President Claudia Sheinbaum shared a letter addressed to her government from Cris Turner, Google’s vice president of government affairs and public policy. It says that Google will not change the policy it outlined after US President Donald Trump declared the body of water the Gulf of America.

“We will wait for Google’s response and if not, we will proceed to court,” Sheinbaum said Monday during a morning press briefing.

As it stands, the gulf appears in Google Maps as “Gulf of America” within the United States, as “Gulf of Mexico” within Mexico and “Gulf of Mexico” (Gulf of America) elsewhere. Turner in his letter said the company was using “Gulf of America” to follow “longstanding maps policies impartially and consistently across all regions” and that the company was willing to meet in person with the Mexican government.

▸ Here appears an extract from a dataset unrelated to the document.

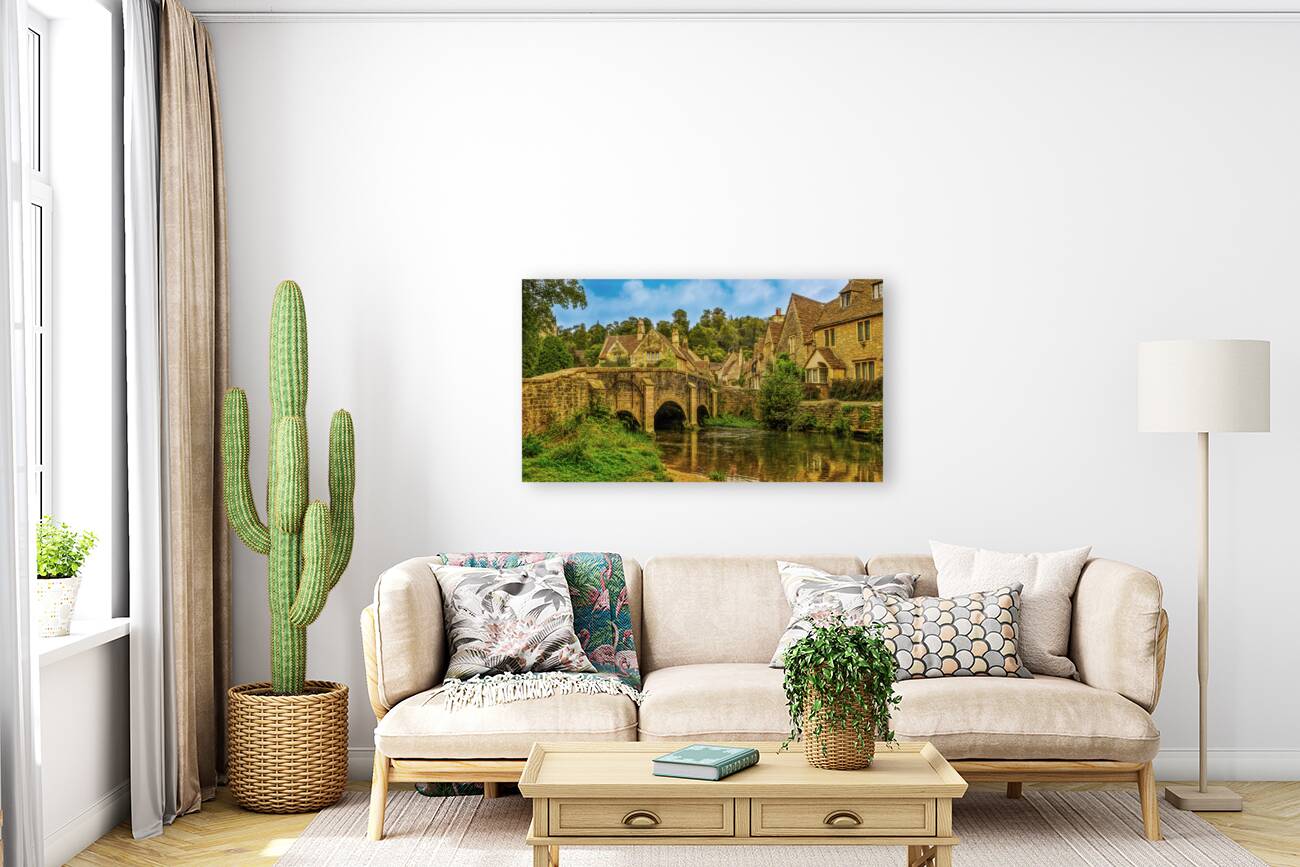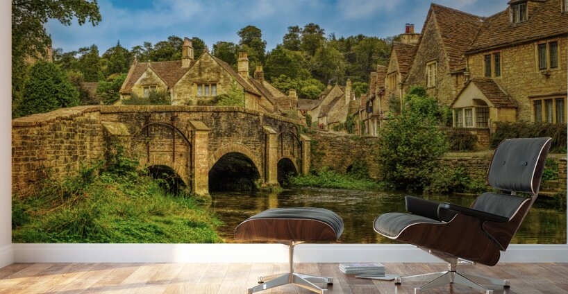Discover the tranquil charm of Castle Combe from a picturesque vantage point along the riverbank, just before the quaint stone bridge. This captivatin...[+]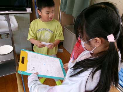 2年生が1年生に校舎の中を案内しています。優しく声をかけて説明をしていました。

“While international treaties and conventions are not intended to regulate how private mapping providers represent geographic features, it is our consistent policy to consult multiple authoritative sources to provide the most up to date and accurate representation of the world,” he wrote.

Mexico has argued that the mapping policy violates Mexican sovereignty because the US only has jurisdiction over around 46% of the Gulf. The rest is controlled by Mexico, which controls 49% and Cuba, which controls around 5%. The name “Gulf of Mexico” dates back to 1607 and is recognized by the United Nations.

In response to Google's letter, Mexican authorities said they would take legal action, writing that “under no circumstance will Mexico accept the renaming of a geographic zone within its own territory and under its jurisdiction.”

The renaming of the body of water by Trump has flared tensions between Mexico and the US at a pivotal time for the neighboring allies.

Sheinbaum has had to walk a fine line with Trump amid threats of tariffs and Mexico and other Latin American countries have braced themselves for promised mass deportations, the brunt of which has still not been felt.

Along with the legal threat to Google, the Mexican president also announced Monday that Mexico and the US would hold high-level meetings this week on trade and security in an effort to maintain a “long-term plan of collaboration” between the two countries.

It's the latest round of talks between the two countries in which Mexico hopes to hold off a larger geopolitical crisis.